When we read text or listen, we actually don’t analyze words letter by letter, because very often important pieces just disappear due to fast or unclear speech, typos. But the brain doesn’t need to sift through all the words that look or sound like the given one, it needs to understand whether what is heard or seen matches a very limited set of words that could logically follow the previous one.

It’s a separate story with whole phrases. In our brain, they form a single “token”. That is, they are not broken down into separate words, unless you specifically think about it. And such tokens also appear in the stream not accidentally—the brain expects them, and as soon as it hears or sees signs that the phrase has appeared, the circle of options narrows down to literally 1-2 possible phrases with such a beginning, and that’s it—one of them is what was said or written.
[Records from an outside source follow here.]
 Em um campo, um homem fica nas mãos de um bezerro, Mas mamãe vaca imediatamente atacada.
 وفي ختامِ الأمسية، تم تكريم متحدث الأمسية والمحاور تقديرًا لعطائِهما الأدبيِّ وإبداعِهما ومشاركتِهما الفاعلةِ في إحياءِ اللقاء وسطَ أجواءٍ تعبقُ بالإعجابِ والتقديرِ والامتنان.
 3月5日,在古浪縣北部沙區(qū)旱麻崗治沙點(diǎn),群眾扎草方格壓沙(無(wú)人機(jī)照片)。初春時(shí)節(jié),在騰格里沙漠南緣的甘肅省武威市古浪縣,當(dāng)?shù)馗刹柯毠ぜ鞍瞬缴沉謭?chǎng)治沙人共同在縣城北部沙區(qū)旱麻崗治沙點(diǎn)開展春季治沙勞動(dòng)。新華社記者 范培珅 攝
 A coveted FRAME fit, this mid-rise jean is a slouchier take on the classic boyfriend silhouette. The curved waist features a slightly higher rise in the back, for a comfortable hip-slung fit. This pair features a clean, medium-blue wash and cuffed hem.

But the most interesting thing is that recent research has shown: the human brain really works very similar to LLMs. In the study “The neural architecture of language: Integrative modeling converges on predictive processing”, MIT scientists showed that models that better predict the next word also more accurately model brain activity during language processing. Thus, the mechanism used in modern neural networks is not just inspired by cognitive processes, but actually reflects them.
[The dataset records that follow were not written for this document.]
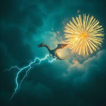 Japanese Festival EDM / Epic Taiko Trance, The track starts with rumbling thunder and deep taiko drum rolls, Shamisen riffs build tension, A majestic female vocal shouts powerful Japanese lines about dragons and lightning, The beat intensifies into a trance-like 4-beat with electric koto and metallic synth layers, In the chorus, dragon roars and lightning FX crash through the mix, A fierce celebration of primal forces and cosmic power, wrapped in a futuristic festival, Vocal enhancement, Wide stereo field, Concert hall ambiance, Spacious midrange, Clean mix, Balanced compression, Mastered at -16 LUFS, Rich stereo reverb, Clear highs, Deep controlled bass, Polished final mix, Audience, Crowd noise
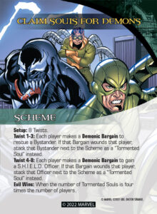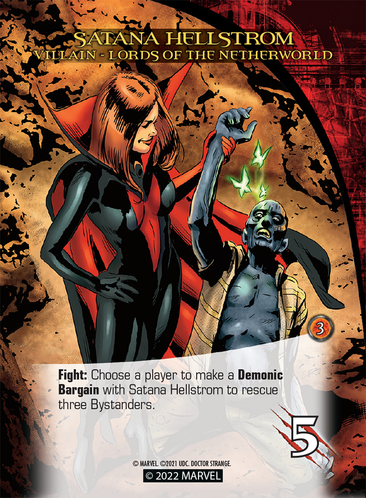 Some Villains say things like “Fight: Choose a player to make a Demonic Bargain with Satana Hellstrom to rescue three Bystanders.”
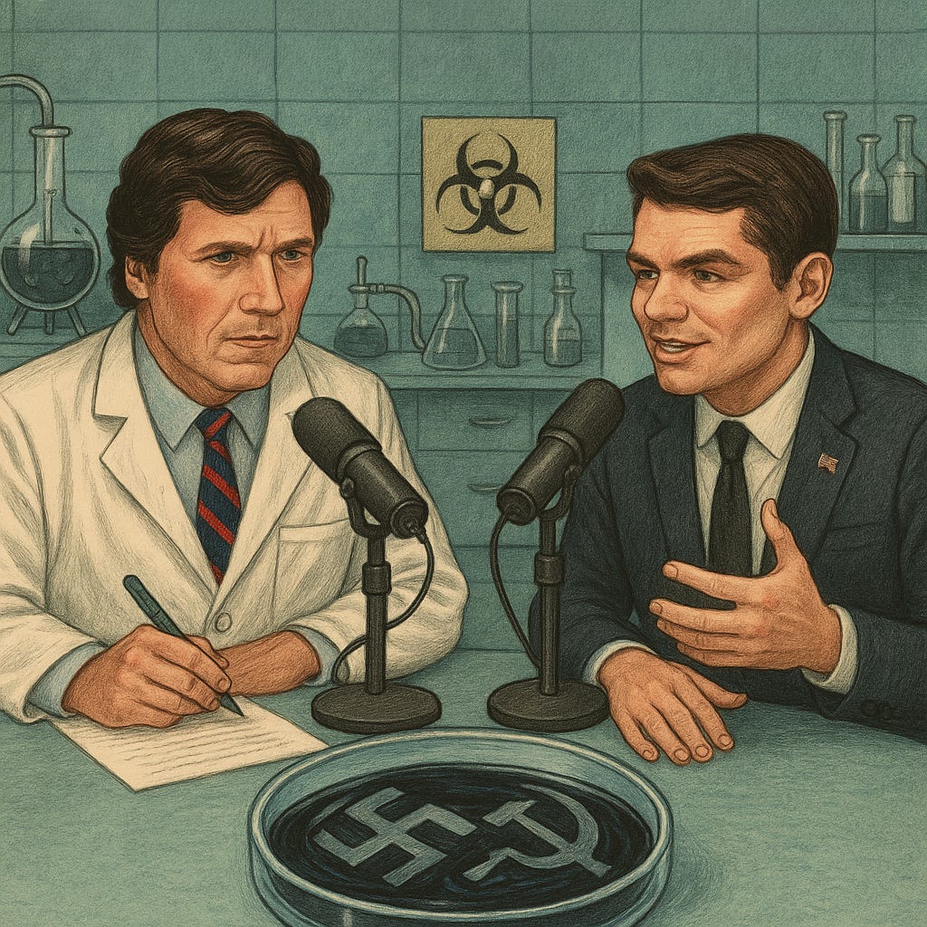 If anyone still clings to the fantasy that journalism is about truth, Tucker Carlson’s interview with Nick Fuentes should put that illusion to rest immediately. It wasn’t journalism. It wasn’t even a debate. It was a laboratory experiment — a clinical, sanitised environment where violent ideologies could be safely handled, stripped of their context, and presented not as threats, but as fascinating specimens. Carlson played the lab-coated technician, observing Fuentes’s pivot from Hitler to Stalin with the mild curiosity of a scientist noting a chemical reaction, never acknowledging the poison in the petri dish.
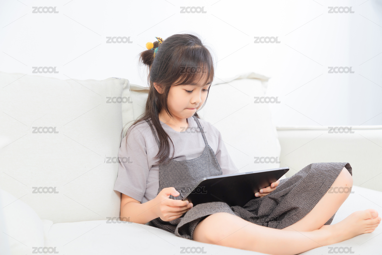 在沙发上玩平板电脑的的亚洲小女孩
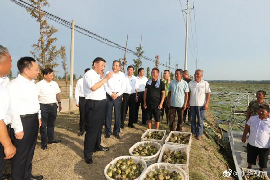 “这一直是我牵挂的事。”18日下午,正在安徽考察调研的习近平总书记来到阜阳市阜南县蒙洼蓄洪区利民村西田坡庄台,顶着炎炎烈日,走进田间地头,深入庄台农户,看望慰问受灾群众。乡亲们告诉总书记:“蓄洪期间,大家住在庄台,电没断、水照供、生活用品有人送。现在水退了,都在抢种补种,水退到哪里,就补种到哪里。请总书记放心!”习近平高兴地说:“我一直牵挂灾区的群众,看到乡亲们生产生活都有着落、有希望,我的心就踏实。”
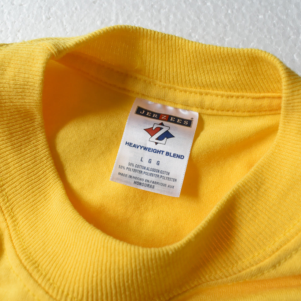 note...アメリカのパワーヴァイオレンス・バンド、Uzi SuicideのTシャツ。鮮やかなイエローボディにネオングリーンプリントで、フロントにはバンドロゴと「POWER VIOLENCE」の文字を配置。グラフィックはモハメド・アリ、アニメのメイドロボット、『ジョーズ』のサメを組み合わせたカオティックなコラージュで、ジャンル特有の過激さとユーモアを体現。ボディはJerzees製。タグ仕様から1997〜2005年頃の生産と推定され、当時のシーンの熱気とリンクするリアルな一枚です。情報が極めて少なく流通量も限られるため、パワーヴァイオレンス/ハードコアをコレクトするうえで高い価値を持つ希少アイテムです。
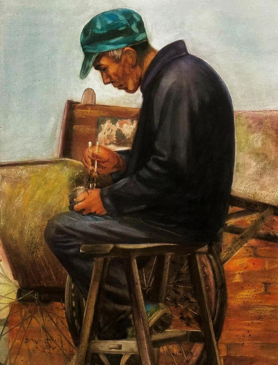 杨圆缘《进城的农民工》  52cm×52cm 2023年 纸本水彩
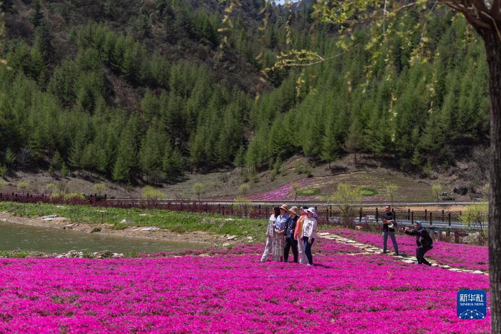 5月1日,在紅池壩國家森林公園,游客在花海中打卡拍照。
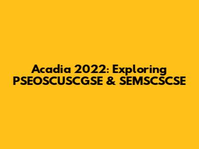Acadia 2022: Exploring PSEOSCUSCGSE & SEMSCSCSE
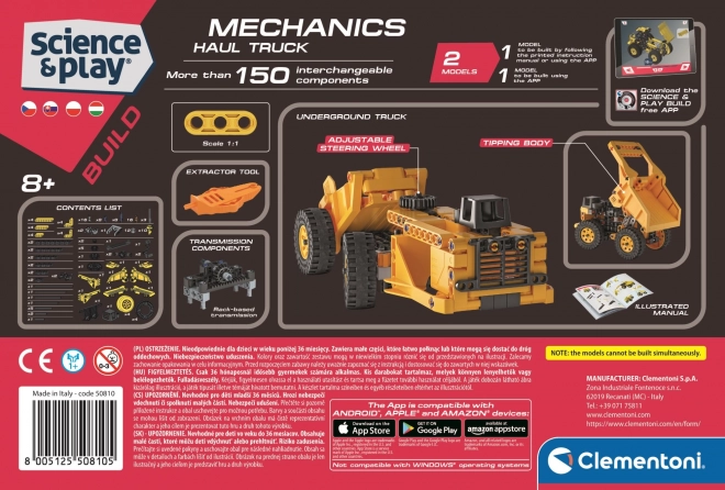 Sastavite vlastite rudarske strojeve i otkrijte svijet mehanike s kreativnim setom Clementoni Science & Play. Ovaj set sadrži 150+ dijelova od kojih možete složiti 2 funkcionalna modela (ne istodobno). Zahvaljujući preciznim spojnicama, zupčastim prijenosima i robusnim kotačima razvijaju se vještina ruku, tehničko razmišljanje i koncentracija. U pakiranju je ilustrirana uputa te interaktivne 3D upute u aplikaciji. Idealna STEM igračka za male inženjere.

During the experiment, fMRI and electrocorticography (ECoG) data were analyzed during language perception. The researchers found that the best predictive model at the time (GPT-2 XL) could explain almost 100% of the explainable variation in neural responses. This means that the process of understanding language in humans is really built on predictive processing, not on sequential analysis of words and grammatical structures. Moreover, the task of predicting the next word turned out to be key—models trained on other language tasks (for example, grammatical parsing) were worse at predicting brain activity.

If this is true, then the key to fluent reading and speaking in a foreign language is precisely training predictive processing. The more the brain encounters a stream of natural language (both written and spoken), the better it can form expectations about the next word or phrase. This also explains why native speakers don’t notice grammatical errors or can’t always explain the rules—their brain isn’t analyzing individual elements, but predicting entire speech patterns.
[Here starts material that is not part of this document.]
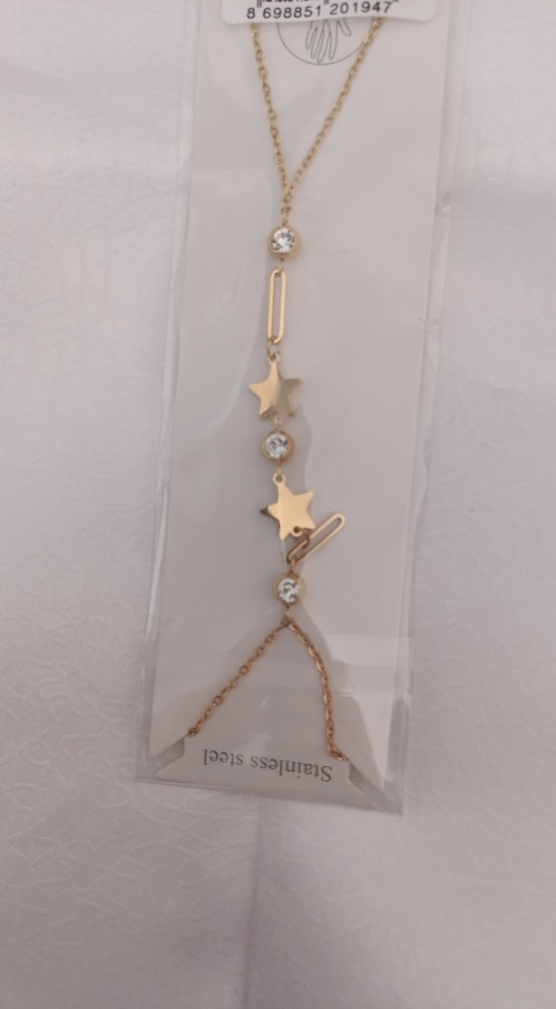 Altın renkli, zincir detaylı kadın el zinciri, yıldız figürleri ve küçük kristallerle minimalist ve çağdaş tarz sunar. ✨
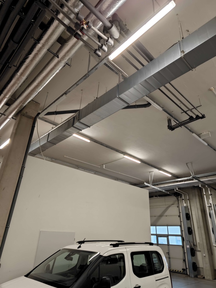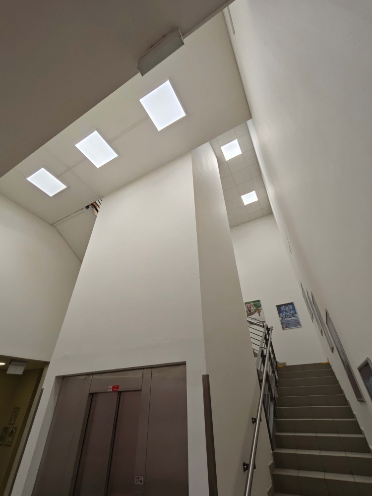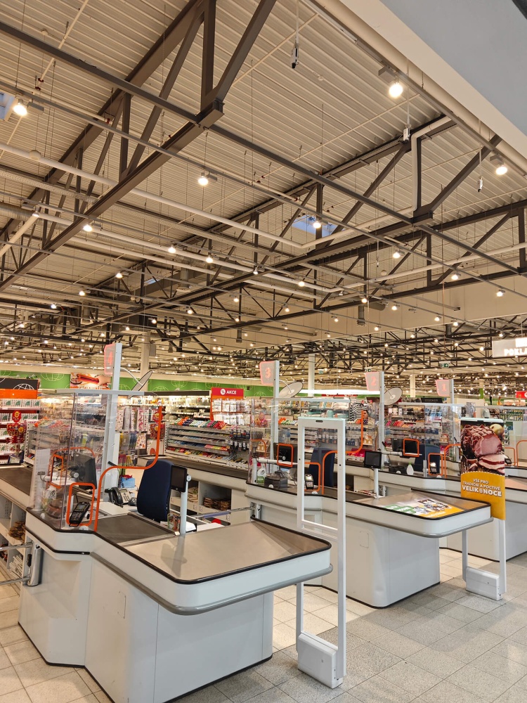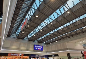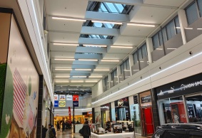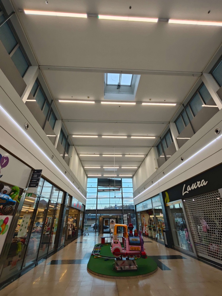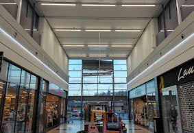 • Místo instalace - zázemí a pasáž nákupního centra. Použité osvětlení - LINEAR E120 30W-840, ORBIT 31 120W-840-60D, BUBU 32 100W-740-BAT, FLAT 0606 36W-840-120D, FLAT E 1203 36W-840-120D

So, if you want to speak freely, you don’t just need to learn the rules, but literally immerse your brain in the flow of language—listen, read, speak, so that the neural network in your head gets trained to predict words and structures just as GPT does.

Meanwhile, there’s the theory of predictive coding, asserting that unlike language models predicting only the nearest words, the human brain forms predictions at different levels and time scales. This was tested by other researchers (google Evidence of a predictive coding hierarchy in the human brain listening to speech).

Briefly, the brain works not only to predict the next word, but as if several processes of different “resolutions” are launched. The temporal cortex (lower level) predicts short-term and local elements (sounds, words). The frontal and parietal cortex (higher level) predicts long-term and global language structures. Semantic predictions (meaning of words and phrases) cover longer time intervals (≈8 words ahead). Syntactic predictions (grammatical structure) have a shorter time horizon (≈5 words ahead).

If you try to transfer this concept to the architecture of language models (LLM), you can improve their performance through a hierarchical predictive system. Currently, models like GPT operate with a fixed contextual window—they analyze a limited number of previous words and predict the next, not exceeding these boundaries. However, in the brain, predictions work at different levels: locally—at the level of words and sentences, and globally—at the level of entire semantic blocks.

One of the possible ways to improve LLMs is to add a mechanism that simultaneously works with different time horizons.

Interestingly, can you set up LLM so that some layers specialize in short language dependencies (e.g., adjacent words), and others—in longer structures (e.g., the semantic content of a paragraph)? I google it, and there’s something similar in the topic of “hierarchical transformers”, where layers interact with each other at different levels of abstraction, but still, it’s more for processing super-long documents.

As I understand it, the problem is that for such, you need to train fundamental models from scratch, and probably, this does not work well on unlabelled or poorly labelled content.

Another option is to use multitask learning, so that the model not only predicts the next word, but also tries to guess what the nearest sentence or even the whole paragraph will be about. Again, google search shows that this can be implemented, for example, through the division of attention heads in the transformer, where some parts of the model analyze short language dependencies, and others predict longer-term semantic connections. But as soon as I dive into this topic, my brain explodes. It’s all really complex.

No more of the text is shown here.